▶ _What is expected_
For the entries below, the expected answer is the line with "長袖 tシャツ レディース", the line with "in the USA! |", and every line between them, exactly as written, and nothing more.

▶ _Records_
"""

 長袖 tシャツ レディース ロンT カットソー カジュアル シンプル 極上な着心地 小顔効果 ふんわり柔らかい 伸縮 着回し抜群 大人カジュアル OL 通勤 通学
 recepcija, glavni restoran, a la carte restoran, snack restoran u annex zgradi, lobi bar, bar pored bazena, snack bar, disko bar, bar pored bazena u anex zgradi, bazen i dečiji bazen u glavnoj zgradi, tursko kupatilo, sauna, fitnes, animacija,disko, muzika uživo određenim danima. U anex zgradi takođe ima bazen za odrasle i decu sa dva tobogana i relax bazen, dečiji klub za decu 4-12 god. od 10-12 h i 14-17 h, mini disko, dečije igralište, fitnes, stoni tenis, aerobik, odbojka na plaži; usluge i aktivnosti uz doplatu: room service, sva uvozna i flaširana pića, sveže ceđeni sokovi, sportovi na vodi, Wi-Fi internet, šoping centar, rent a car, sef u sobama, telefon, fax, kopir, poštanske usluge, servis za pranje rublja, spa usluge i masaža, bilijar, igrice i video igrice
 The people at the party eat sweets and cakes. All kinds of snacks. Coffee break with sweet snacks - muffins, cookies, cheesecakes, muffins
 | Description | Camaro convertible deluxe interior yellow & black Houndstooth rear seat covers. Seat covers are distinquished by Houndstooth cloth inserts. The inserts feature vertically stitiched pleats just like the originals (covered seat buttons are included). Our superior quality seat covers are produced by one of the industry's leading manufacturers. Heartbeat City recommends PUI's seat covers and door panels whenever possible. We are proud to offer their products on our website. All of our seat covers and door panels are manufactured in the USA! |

"""
"""

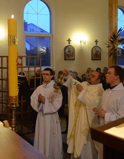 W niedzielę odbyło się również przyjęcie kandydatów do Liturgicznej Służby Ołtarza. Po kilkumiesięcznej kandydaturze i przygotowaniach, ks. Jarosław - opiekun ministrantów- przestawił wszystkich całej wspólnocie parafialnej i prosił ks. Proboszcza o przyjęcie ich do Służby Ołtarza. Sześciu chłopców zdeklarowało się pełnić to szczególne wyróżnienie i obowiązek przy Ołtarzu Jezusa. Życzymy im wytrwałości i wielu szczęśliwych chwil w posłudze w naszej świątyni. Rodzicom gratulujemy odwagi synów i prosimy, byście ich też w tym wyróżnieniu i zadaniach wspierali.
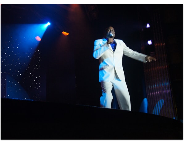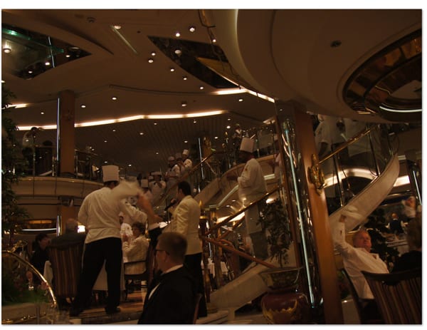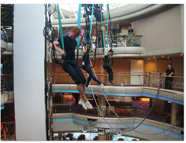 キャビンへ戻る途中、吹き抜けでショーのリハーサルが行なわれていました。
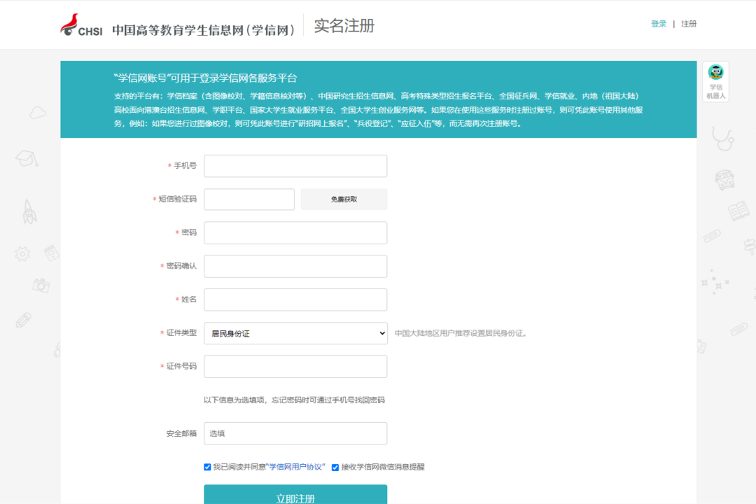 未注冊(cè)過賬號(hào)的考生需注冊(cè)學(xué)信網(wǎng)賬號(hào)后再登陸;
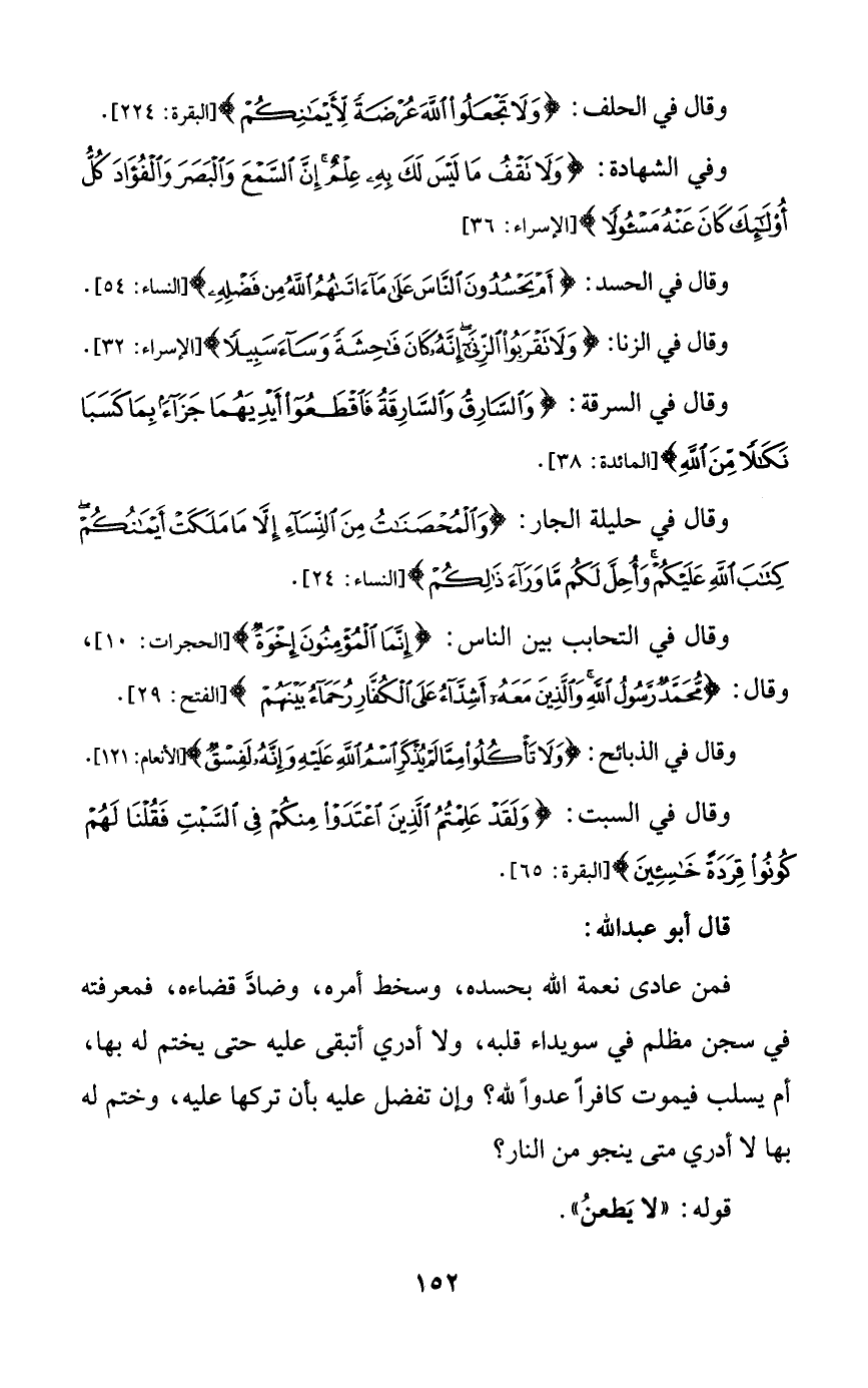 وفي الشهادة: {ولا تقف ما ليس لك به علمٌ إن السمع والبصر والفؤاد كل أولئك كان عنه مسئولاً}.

"""

▶ _Completed exercise_
 長袖 tシャツ レディース ロンT カットソー カジュアル シンプル 極上な着心地 小顔効果 ふんわり柔らかい 伸縮 着回し抜群 大人カジュアル OL 通勤 通学
 recepcija, glavni restoran, a la carte restoran, snack restoran u annex zgradi, lobi bar, bar pored bazena, snack bar, disko bar, bar pored bazena u anex zgradi, bazen i dečiji bazen u glavnoj zgradi, tursko kupatilo, sauna, fitnes, animacija,disko, muzika uživo određenim danima. U anex zgradi takođe ima bazen za odrasle i decu sa dva tobogana i relax bazen, dečiji klub za decu 4-12 god. od 10-12 h i 14-17 h, mini disko, dečije igralište, fitnes, stoni tenis, aerobik, odbojka na plaži; usluge i aktivnosti uz doplatu: room service, sva uvozna i flaširana pića, sveže ceđeni sokovi, sportovi na vodi, Wi-Fi internet, šoping centar, rent a car, sef u sobama, telefon, fax, kopir, poštanske usluge, servis za pranje rublja, spa usluge i masaža, bilijar, igrice i video igrice
 The people at the party eat sweets and cakes. All kinds of snacks. Coffee break with sweet snacks - muffins, cookies, cheesecakes, muffins
 | Description | Camaro convertible deluxe interior yellow & black Houndstooth rear seat covers. Seat covers are distinquished by Houndstooth cloth inserts. The inserts feature vertically stitiched pleats just like the originals (covered seat buttons are included). Our superior quality seat covers are produced by one of the industry's leading manufacturers. Heartbeat City recommends PUI's seat covers and door panels whenever possible. We are proud to offer their products on our website. All of our seat covers and door panels are manufactured in the USA! |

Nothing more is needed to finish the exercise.